Superannuation or Pay Off the Mortgage ? By Nick Bruining

As the Government continues to push Superannuation as the key source of retirement funding, many are starting to question whether traditional financial planing techniques such as Salary Sacrifice and other investment strategies still stack up. Issues become more complicated when the much publicised superannuation co-contribution is thrown into the mix.

Financial planners and others have always advised potential investors to pay off non tax deductible debt as quickly as possible. Many families utilise a second income

This is because the income required to make the interest payments on car loans, credits cards and mortgages needs to be based on before tax income rather than after tax income.

Let’s say your car loan is costing you 10 % per annum in interest and you’re earning $40,000 per year. If you tried to find a “magical” investment to meet the interest cost, then before tax, the fund would need to be returning 14.6% to pay you 10% after tax and Medicare. On higher incomes, the differential is even greater and for this reason, advisers generally suggest repayment of debts in preference to investment programs.

Nonetheless, one popular Superannuation Investment strategy is to use a technique known as Salary Sacrifice where the member elects to re-direct pre taxation salary into a superannuation fund rather than making accelerated payments off the mortgage.

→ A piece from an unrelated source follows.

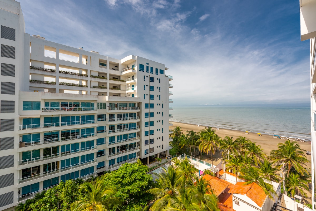 Disfruta un elegante apartamento frente al mar en Bocagrande, con vista directa al Caribe. Cuenta con 2 habitaciones, 2 baños, sala amplia con sofá cama, cocina totalmente equipada, WiFi de alta velocidad y balcón privado con sillón colgante. Aire acondicionado en todas las áreas. Perfecto para familias y grupos que buscan comodidad, ubicación privilegiada y acceso inmediato a la playa. Todo está pensado para una estancia moderna, práctica y relajante.

To understand the effectiveness, all the taxes and charges need to be taken into consideration. Similarly, realistic rates of return need to be assumed and to provide a valid comparison between risk and return, we’ll use a fixed interest type superannuation fund which charges no entry fees.

The $28,000 pa employee who elects to salary Sacrifice $5,000 into a super fund will see $5,000 invested. A contributions tax of 15% will be deducted by the fund manager so in reality, only $4,250 will be invested. If we assume that the fixed rate super fund is crediting 5.8% and then allow for superannuation earnings tax of 15%, the after tax return on the fund will be 4.93%. At the end of the year, the $4,250 will have gown by $209.53.

Alternatively, let’s say that the $5,000 is applied against the mortgage.

The $5,000 after tax and medicare at 31.5% sees us with $3,425. If this amount is applied against a typical mortgage charging 7.07%, the after tax interest saving at the end of the year is $242.15. This means that paying off the mortgage effectively “beats” salary sacrifice by $32.62.

For a person in the top marginal tax bracket of 47% plus medicare, the numbers are quite different. The $5,000 after tax translates to $2,575 in the hand. This amount, applied to the mortgage at 7.07% results in an interest saving of $182.05. In this case, you would be better off using salary sacrifice. Nonetheless, if you’re subject to the Surcharge Tax and you already have a decent amount in superannuation, the taxes you’ll pay on exit ate are likely to erode some of the benefits.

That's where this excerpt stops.